Rabbit CPB model

All surgical procedures in this study were performed under general anesthesia and continuous monitoring of heart rate, 3-lead electrocardiography, arterial blood pressure, and oxygen saturation. After inducing anaesthesia with intramuscular ketamine (25 mg/kg) and xylazine (10 mg/kg), followed by intravenous injection of pentobarbital (15 mg/kg), animals underwent tracheotomy, followed by endotracheal intubation, and were connected to a mechanical ventilator. General anaesthesia was maintained with continuous inhalation of isoflurane (2–3%) during the procedure.
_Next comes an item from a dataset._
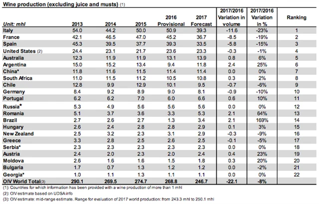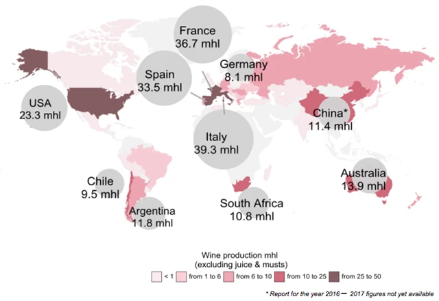 V Itálii by letos produkce vína měla klesnout o 23 %, ve Francii o 19 % a ve Španělsku o 15 %. O čtvrtinu by se naopak měla zvýšit v Argentině a o 169 % v Brazílii. Ve Spojených státech, které jsou čtvrtým největším producentem vína na světě, by se letos produkce měla meziročně snížit o procento na 23,3 milionu hektolitrů.

The right femoral artery and vein were exposed and cannulated with a 20-gauge catheter for monitoring blood pressure and as a route of drug infusion, respectively. The CPB circuit composed of polyvinyl chloride tubing, a venous reservoir, and an oxygenator (Excelung Kids, HPO-06RHF-CP; MERA, Tokyo, Japan) was driven by a roller head pump (MERA) (Fig. 6B). The priming solution of the circuit consists of 50 mL of 25% human albumin solution (Albuminar; CSL Behring, Tokyo, Japan), 40 mL of washed red blood cells (RBCs) collected from a donor rabbit, 0.5 mL (500 IU) of heparin sodium injection, and 159.5 mL of normal saline (total volume, 250 mL). Thereafter, median sternotomy was performed and the pericardium was opened. After injecting 0.5 mL (500 IU) of heparin sodium, an 8-Fr arterial cannula was introduced into the ascending aorta and a 10-Fr venous cannula was placed in the right atrium through the right atrial appendage (Fig. 6A). These cannulas were connected to the CPB circuit and a normothermic CPB run was maintained for 60 min at a flow rate of 80–100 mL/kg/min (Fig. 6C). After weaning and termination of the CPB run, protamine sulphate (10 mg) was administered and the cannulas were removed. RBCs remaining in the CPB circuit were collected and re-administered to ameliorate severe anaemia and ensure survival.

A rabbit model of cardiopulmonary bypass coagulopathy. (A) Cannulas in the ascending artery and right appendage are connected to the tube. (B) The cardiopulmonary bypass machine. (C) Experimental design of the current study. CPB, cardiopulmonary bypass; PPP, platelet-poor plasma; PRP, platelet-rich plasma.